Healthier Living Thanks to LIVIA
ÉTS Professeur Mohammadhadi Shateri
Professor Shateri is now collaborating with Professor Eric Granger on a research project focused on AI-based cancer detection. The goal is to design deep learning systems that are accurate, scalable, and privacy-preserving, addressing critical challenges in medical AI. Their approach leverages multimodal learning to integrate unpaired visual (e.g., histology images) and textual (e.g., clinical notes) data using contrastive learning. They also develop advanced multi-teacher knowledge distillation techniques that transfer only the most relevant information to compact models, and explore data-free distillation methods to train AI without direct access to sensitive patient data. This research aims to make AI more applicable and reliable in real-world clinical settings.
Line Up for the Upcoming Courses
In the future, Shateri sees himself doing more research than teaching, but believes both to be extremely important. “As part of my work at ÉTS, I am responsible for delivering high-quality updated lectures to university students,” says Assistant Professor prior to sharing his teaching plans.
Spoiler: Mohammadhadi wants to develop several courses to cater to different needs.
One will be about generative AI models and aimed primarily at undergrad and graduate students. A course on probability theory will surely be useful to any engineering student. Another course will be dedicated to machine learning, a topic which has fans in different engineering fields.
Shateri is also planning to develop a brand-new course covering high-dimensional probability and statistics, and high-dimensional data analysis—strongly recommended for graduate students who are doing research on signal processing and machine learning.
Finding Solutions to Privacy Issues
Mohammadhadi Shateri values people’s privacy and applies all his knowledge and efforts to protect it. The key mission of his current and future research is to secure the integrity of the data collected from people using Artificial Intelligence.
“The AI models have two main components: the learning system and the data,” explains Shateri. “Alas, in the process of collecting and sharing data, both these components can leak private information, in an unwanted manner. Adversaries can steal people’s sensitive data and misuse it against them,” he adds passionately.

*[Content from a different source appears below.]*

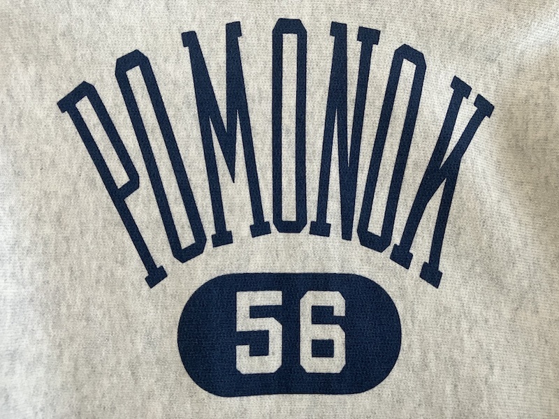 胸にはカレッジ系をモチーフにした大きめの染み込みプリントが施されてされている人気の高いモデルです

His big plan at ÉTS is to create a group of researchers who will be dealing with these security issues. The idea is to make the learning models secure, to ensure secure data processing and sharing, so that nobody can misuse people’s private information.
Mohammadhadi Shateri believes that this topic is extremely important in the modern world, because lots of groups and individuals can get hurt when they least expect it.
“I hope to be able to find a solution and to make sure that people’s information remains secure. I consider this to be my main goal.”